▸ WORK TO BE COMPLETED:
Type out the lines below exactly, pictures excluded.

+++

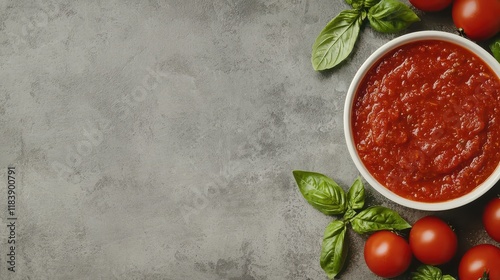 A vibrant bowl of tomato sauce surrounded by fresh basil leaves and ripe cherry tomatoes on a textured gray background.
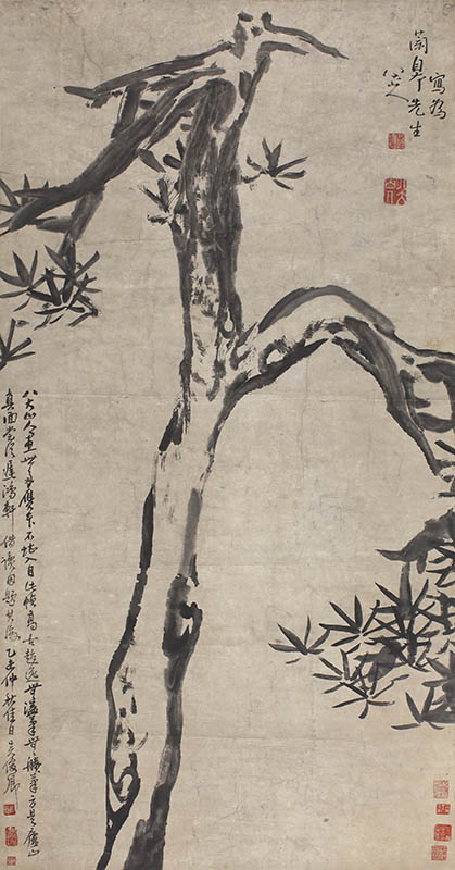 款识:写为兰皋先生八大山人。八大山人画世多赝本,不堪入目,此帧高古超逸,无溢笔无艏笔,方是庐山真面,常从迟鸿轩借读因题其后。已未仲秋佳日吴俊卿。
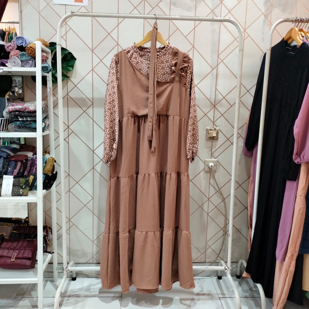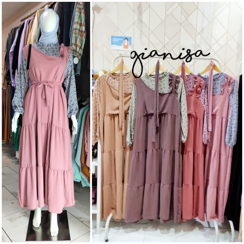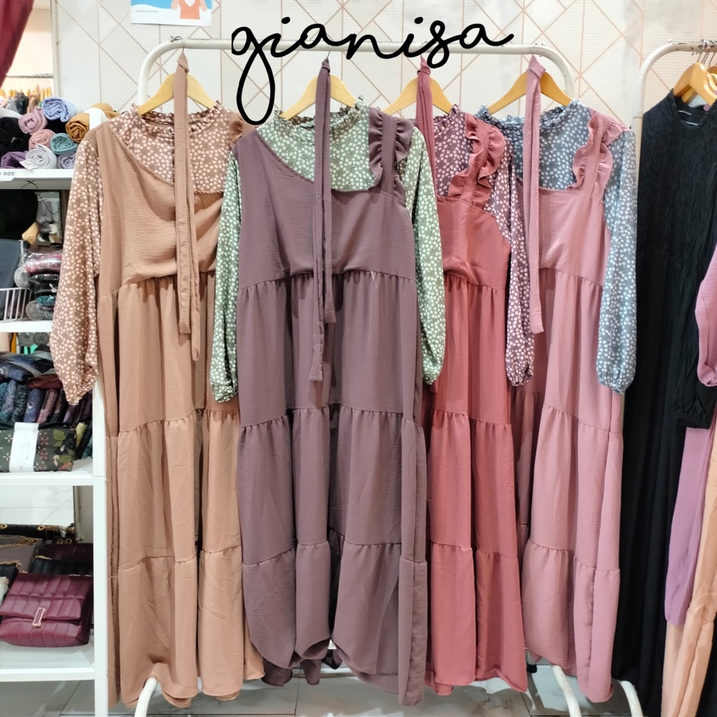 GIANISA | RENIA DRESS / BAHAN SHAKILLA MIX CRINKLE AIRFLOW / DRESS MOTIF / MOTIF BUNGA / BUSUI FRIENDLY / WUDHU FRIENDLY / TALI PINGGANG / DRESS BABY DOLL /
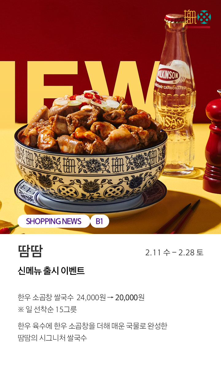 상품행사 땀땀 신메뉴 출시 이벤트 2.11 수 - 2.28 토 페이스북에 공유하기 카카오스토리로 공유하기 PREV 목록 NEXT 설 선물세트 예약 판매는 아래 번호로 문의 부탁드립니다. 센터시티 041.411.5309, 5311 확인
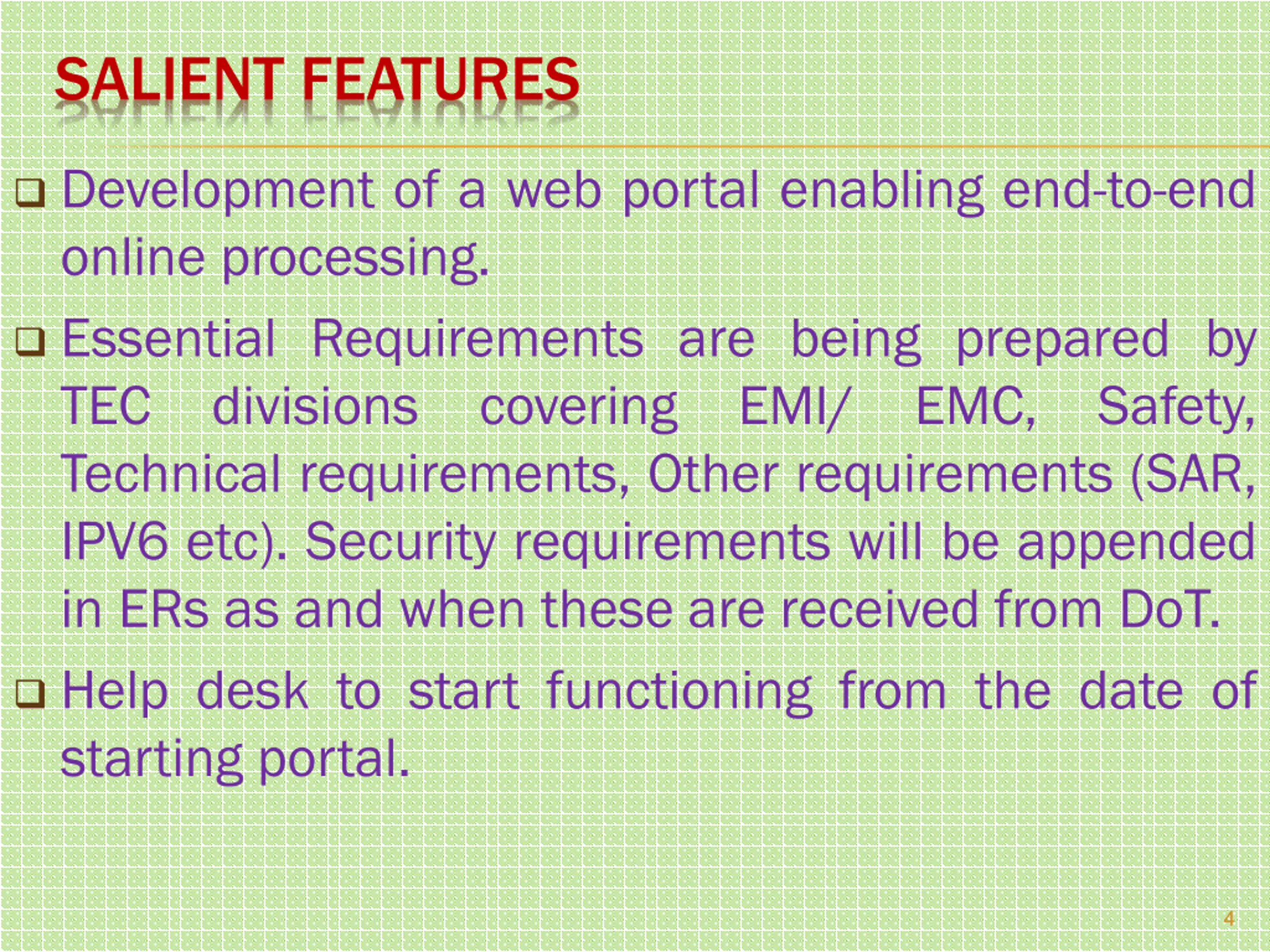 SALIENT FEATURES Development of a web portal enabling end-to-end online processing. Essential Requirements are being prepared by TEC divisions covering EMI/ EMC, Safety, Technical requirements, Other requirements (SAR, IPV6 etc). Security requirements will be appended in ERs as and when these are received from DoT. Help desk to start functioning from the date of starting portal. 4

+++

▸ OUTPUT FOR THIS EXERCISE:
 A vibrant bowl of tomato sauce surrounded by fresh basil leaves and ripe cherry tomatoes on a textured gray background.
 款识:写为兰皋先生八大山人。八大山人画世多赝本,不堪入目,此帧高古超逸,无溢笔无艏笔,方是庐山真面,常从迟鸿轩借读因题其后。已未仲秋佳日吴俊卿。
 GIANISA | RENIA DRESS / BAHAN SHAKILLA MIX CRINKLE AIRFLOW / DRESS MOTIF / MOTIF BUNGA / BUSUI FRIENDLY / WUDHU FRIENDLY / TALI PINGGANG / DRESS BABY DOLL /
 상품행사 땀땀 신메뉴 출시 이벤트 2.11 수 - 2.28 토 페이스북에 공유하기 카카오스토리로 공유하기 PREV 목록 NEXT 설 선물세트 예약 판매는 아래 번호로 문의 부탁드립니다. 센터시티 041.411.5309, 5311 확인
 SALIENT FEATURES Development of a web portal enabling end-to-end online processing. Essential Requirements are being prepared by TEC divisions covering EMI/ EMC, Safety, Technical requirements, Other requirements (SAR, IPV6 etc). Security requirements will be appended in ERs as and when these are received from DoT. Help desk to start functioning from the date of starting portal. 4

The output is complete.